Part of the explanation for the increased risk of gallstones is the increased cholesterol turnover related to total body fat (18). Cholesterol production is linearly related to body fat; approximately 20 mg of additional cholesterol are synthesized for each kilogram of extra body fat. Thus, a 10-kg increase in body fat leads to the daily synthesis of as much cholesterol as is contained in the yolk of one egg. The increased cholesterol is, in turn, excreted in the bile. High cholesterol concentrations relative to bile acids and phospholipids in bile increase the likelihood of precipitation of cholesterol gallstones in the gallbladder. Other factors, such as nidation conditions, also determine whether gallstones form (18).
During weight loss, the likelihood of gallstones increases because the flux of cholesterol is increased through the biliary system. Diets with moderate levels of fat that trigger gallbladder contraction and thus empty its cholesterol content may reduce this risk. Similarly, the use of bile acids, such as ursodeoxycholic acid, may be advisable if the risk of gallstone formation is thought to be increased.

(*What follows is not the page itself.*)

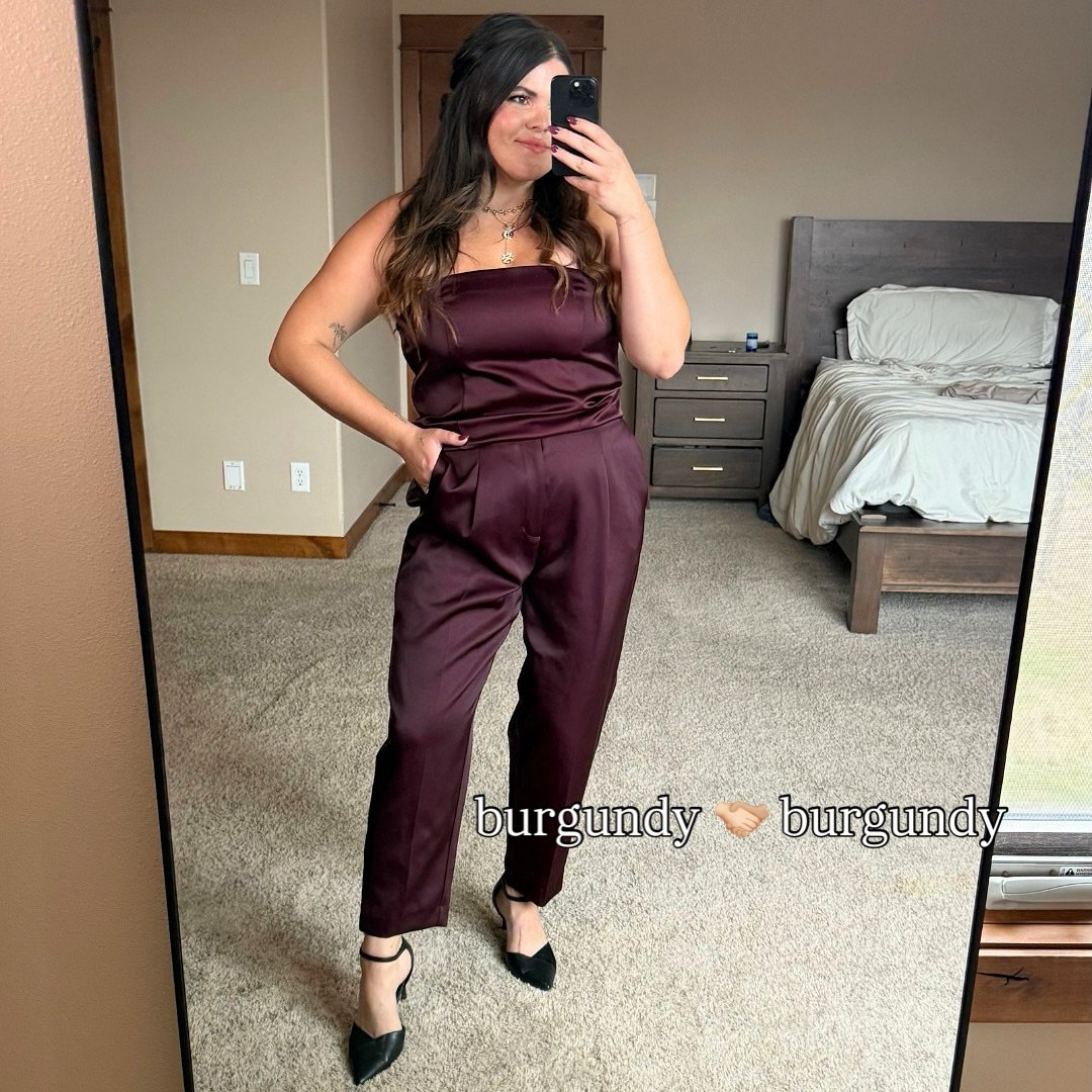 Now this is how you do monochrome maternity style. Erica goes full burgundy in a silky jumpsuit that drapes like a dream. The strapless neckline adds a touch of sophistication, and the matching heels make it feel luxe. It’s not over-accessorized, which lets the texture and tone do the heavy lifting—and honestly? They’re doing a great job.
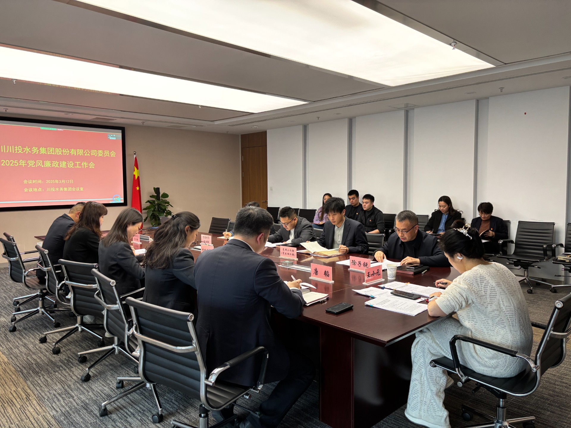 公司党委委员、副总经理唐韬传达了二十届中央纪委四次全会精神、省纪委十二届四次全会精神,以及四川发展、四川省生态环保集团2025年党风廉政建设工作会精神。党委委员、副总经理徐子锐通报了公司2024年度党风廉政建设工作情况。

The second gastrointestinal feature altered in obesity is the quantity of fat in the liver (18). Increased steatosis is characteristic of the livers of overweight individuals and may reflect increased VLDL production associated with hyperinsulinemia. The accumulation of lipid in the liver suggests that the secretion of VLDL in response to hyperinsulinemia is inadequate to keep up with the high rate of triglyceride turnover.
Hypertension.
Blood pressure often is increased in overweight individuals (19). In the Swedish Obesity Study, hypertension was present at baseline in 44–51% of the subjects. One estimate suggests that control of overweight would eliminate 48% of the hypertension in whites and 28% in blacks. For each decline of 1 mm Hg in diastolic blood pressure, the risk of myocardial infarction decreases an estimated 2–3%.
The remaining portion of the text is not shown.